Entry visas for travellers coming from countries affected by the Ebola virus disease remain suspended until the health situation improves there, a senior Supreme Council of Health (SCH) official said yesterday.
Sheikh Dr Mohamed bin Hamad al-Thani, director of the Public Health Department at SCH, said travellers from Qatar to such countries were given adequate instruction on how to stay safe and protect against Ebola virus.
Addressing a workshop organised by the SCH on “preparations for epidemics and health conditions for Haj” yesterday, Dr Mohamed noted that the council - in co-ordination with the Ministry of Interior - had adopted a strict “protective strategy” in view of the threat posed by the Ebola outbreak in West Africa.
Qatar Airways does not have any scheduled flights to the affected countries except Nigeria which has reported a limited number of cases, it was observed.
The workshop, which saw the participation of around 350 healthcare providers and representatives of entities concerned in the country, was attended by officials from the Hamad Medical Corporation, the Primary Health Care Corporation, Hamad International Airport (HIA), Qatar Red Crescent and Qatar’s Haj Mission.

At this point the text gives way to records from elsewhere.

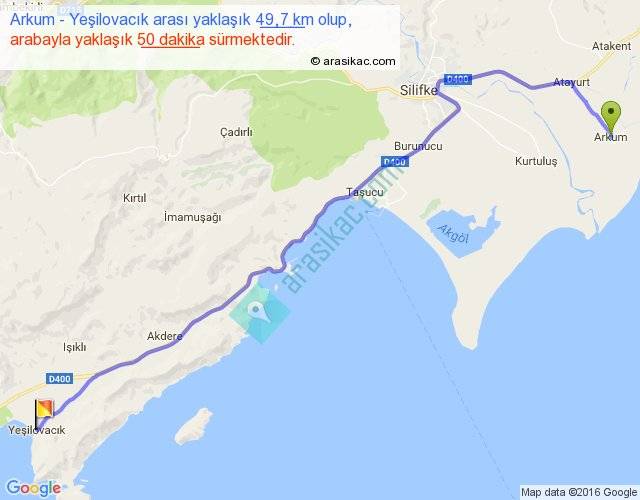 Arkum - Yeşilovacık arası yaklaşık olarak 90 km/h ile yukarıda belirtilen sürede olup, iki yerin kuş uçuşu uzaklığı (mesafesi) 39'dir. Yolculuk otobüsle 1 saat 5 dakika sürmektedir.
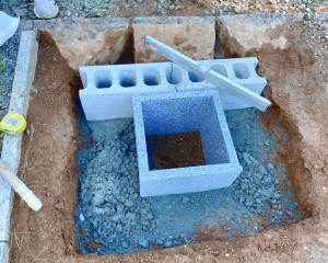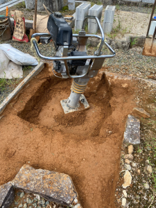 墓石工事は、墓石本体の真下に基礎補強土台を設置することから始めます。参考写真の様に、墓石本体の真下の元土を30cmほど掘下げて、ランマ-と呼ばれる地盤転圧機で、地面をしっかり固めます。ランマ-で固めないと、土自体が緩み墓石が傾く恐れがあります。続いて、転圧後の墓地に強度がある巾広ブロックを四方に設置して「基礎補強土台」が完成致しました。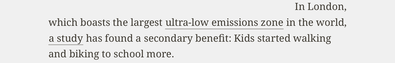 Valentine, S. (2024). London saw a surprising benefit to fining high-polluting cars: More active kids. Grist. https://grist.org/cities/london-fining-polluting-cars-more-active-kids/
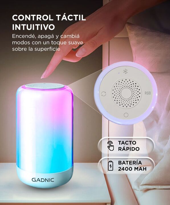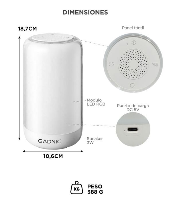 Iluminación RGB dinámica y envolvente: La lámpara inteligente Gadnic LUNA0023 ofrece una amplia gama de colores para crear ambientes personalizados. Ideal para relajación, lectura suave o decoración moderna de interiores. Parlante BT 5.1 integrado para música ambiental: El speaker de 3W brinda un so...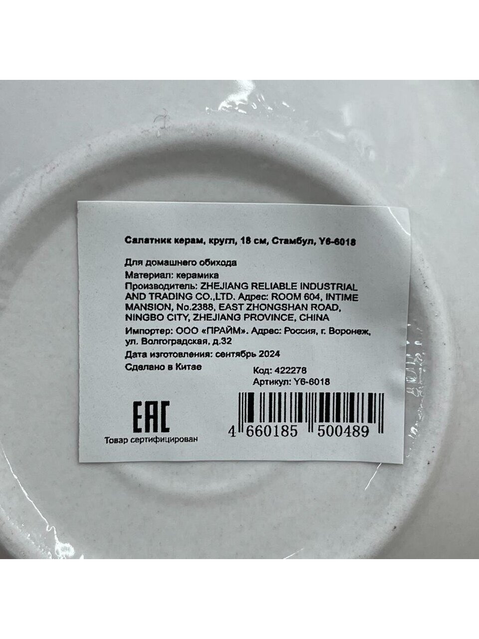 Вы можете приобрести «Салатник керамика, круглый, 18х7 см, Стамбул, Y6-6018» и другие товары в нашем интернет-магазине в Орле по низким ценам и с бесплатным самовывозом.

Besides providing information about travelling to and from countries affected by the Ebola outbreak, the workshop dealt with the best ways to spread awareness among those who would travel for the Haj and various vaccinations introduced this year by Qatar for pilgrims and travellers. It also featured an explanation of the plans for the Haj.
Dr Mohamed stressed that the workshop was a crucial event, particularly in view of the Ebola outbreak as well as the coronavirus factor. He said effective co-operation among all stakeholders would help protect the society from the risks posed by such diseases.
Dr Mohamed al-Hajri, director of Health Protection and Communicable Diseases Control in the SCH Public Health Department, said the event included two sub-workshops - preparation for the Haj and the latest updates on the prevention of communicable diseases.
He said there was effective internal co-ordination among various government entities to control the spread of Ebola virus and detect any potential cases through the various thermal cameras installed at HIA.
Meanwhile, Dr Mishal al-Misfri, deputy head of the Haj medical committee, has said preparation for the Haj season had started almost four months ago. The medical committee is made up of 25 members, including 11 consultant doctors in addition to nurses, paramedics and medical supplies professionals.
Further, a contract has been signed with a Saudi hospital which is close to the committee’s office.
Dr Hamad Eid al-Rumaihi, head of the Communicable Diseases Control Department, advised pilgrims to take all the scheduled vaccinations at their respective primary health care centres four weeks ahead of the journey.